Marcy Jo’s


It was cold. The only reason I took my gloves off was so my skin could be closer to the coffee cup. Coffee seems to taste better in the dead of winter. It seems to taste better in certain settings, and this place topped the list.

The only source of heat, besides the coffee cup, was the potbelly stove in the middle of the room. This particular morning, I soaked in the warmth and enjoyed my husband’s company. The setting provided a much-welcomed space where we could reflect on where life had taken us and where we hoped it would take us next. Living in a small town far away from anything familiar was not how I expected to spend our second year of marriage. But as I suspect most people do when they are in an unfamiliar place, we clung to people and places which had some elements of home.
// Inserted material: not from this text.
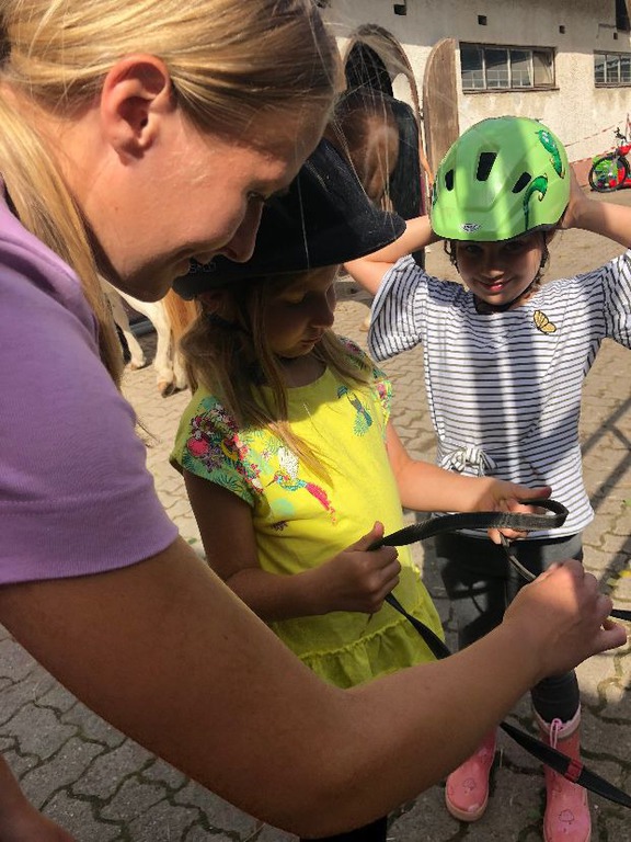 Die Kinder lernen alles rund um das Thema Pferde & Ponys, angefangen beim Putzen und Berühren, über die Versorgung bis hin zu ersten Reitversuchen. Auf, neben und um das Pferd werden altersgerechte Spiele durchgeführt, um die Teamfähigkeit aber auch das Geschick des Kindes zu fördern. Durch den frühen Kontakt zu den Ponys lernen die Kinder außerdem frühzeitg selbstständig und verantwortungsbewusst zu handeln.

Marcy Jo’s Mealhouse and Bakery was one of the most quaint places I have ever had the pleasure of visiting. To an outsider, it may look like any old shack, but the inside brings to life a world of music and hospitality that exudes the spirit of small town Tennessee. The walls tell countless stories of songwriters and artists, many of whom had performed in this tiny building. Our first time there, we sat on the “stage” and enjoyed the best breakfast with homemade everything, even the toast.

This picture hangs in my living room.

One Saturday, we reserved our seat for “Songwriter’s Night” in which a local songwriter performed. Just as special as the performance was the meal. While finishing up our Coca-cola cake (or maybe we had the strawberry cake that night?), we noticed 2 famous faces in the back of the room. Joey and Rory, a country singing duet, were a significant part of the origin of this place. I don’t know enough of the history to tell you details, but I know that Rory’s sister is “Marcy” and “Jo” comes from Joey.


They played a few songs that night after the invited guest performed. Whether it was planned or not, I’ll never know, but I’m thankful they did. Joey was the kind of talent and beauty that you can’t take your eyes off of. She was the kind of woman that makes you feel slightly inadequate, but certainly not because she wants you to feel that way. She just shines a light, in talent and personality, that seems to come so easy. She’s the kind who makes you want to find your passion and pour everything you have into it. The love between her and Rory was evident, even in front of a group of wide-eyed strangers.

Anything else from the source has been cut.